Battlefields and Ghosts of Gettysburg
If you’re making a tour of the United States’ national parks, one you shouldn’t miss is the Gettysburg National Military Park, a park and museum that commemorates, at fifty-one thousand casualties, one of the deadliest battles of the Civil War, when the Union won over Robert E. Lee’s second and most ambitious try at invading the North. Of course, the battle also gave President Abraham Lincoln the occasion to make his most famous speech, The Gettysburg Address.
Once you’ve checked into one of the fine hotels Gettysburg has available for its visitors, start your visit to the park’s museum and visitor center. The center is a little over a year old, having its grand opening on September 26 in 2008. You’ll find galleries on both Gettysburg and the Civil War; there’s a film titled, “A New Birth of Freedom,” as well as a bookstore and, what the park calls, a “refreshment saloon.” The visitor’s center will help acquaint you with the park, and the museum itself gives you more of an understanding about the Civil War, tracing its history from beginning to end, including a number of Civil War artifacts.
If you can wait until summer to go, the Rangers have a number of interesting programs, such as battlefield walks, as well as anniversary battle walks. The park also contains the David Wills House, a one hundred forty seven-plus year old house once owned by an attorney in 1863, now most famous for the giving President Lincoln a place to stay the night before he delivered his address.
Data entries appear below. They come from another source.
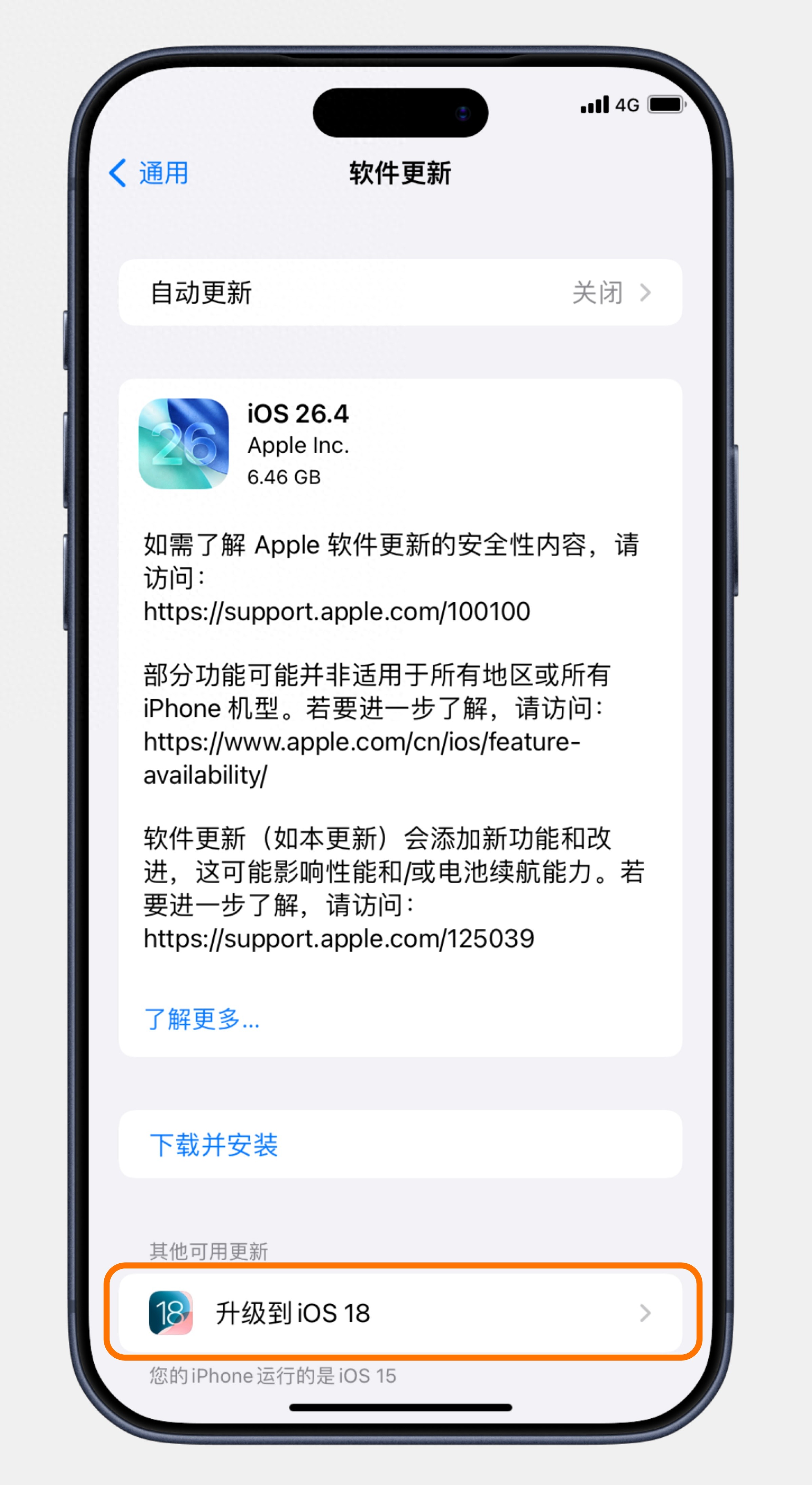比如你现在的iPhone还是iOS 15 系统,那么可选择升级至iOS 18.7.7 或者 iOS 26.4系统,而非此前只能升级至iOS 26 ;
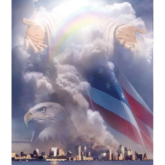 Eagle And Flaf Black Modern Wood Framed Art Print by Unknown
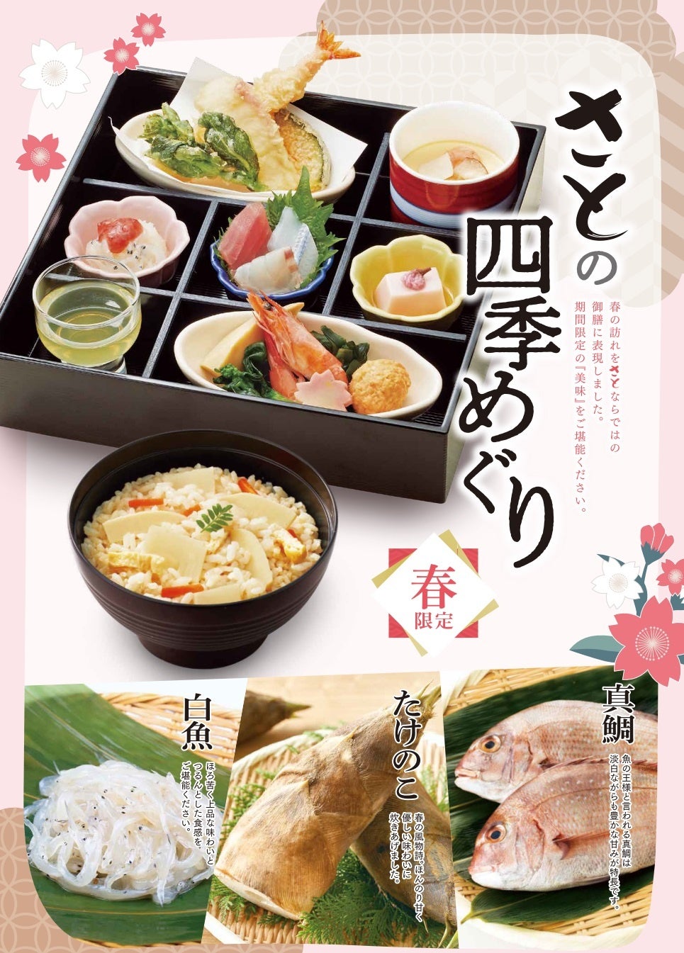 寒さも和らぎ、春が待ち遠しくなるこの季節、和食さとの春限定の和膳で一足早い『春』を是非お楽しみください。
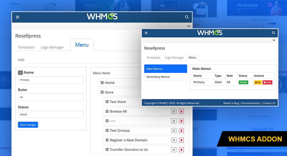 Say goodbye to complex WHMCS hooks for theme navigation modifications. Menu Manager offers a hassle-free solution, allowing you to effortlessly set up menu items directly from the WHMCS addon.

Of course, if you’ve exhausted the parks and battlefields of Gettysburg, you may wish to check out the ghosts. There are more than a few stories about ghosts, strange lights, sightings of soldiers in battlefields, visions and apparitions of the past, appearing and vanishing. So, not only does Gettysburg have battlefield walks, but they have a ghost walk, too. A tour guide will give you the history of the town’s ghosts, dressed in the clothes of the time period, going through the town that were once battlefields themselves. If you’re a ghost hunter, or a fan of ghost hunting, this is certainly one of Gettysburg’s key attractions.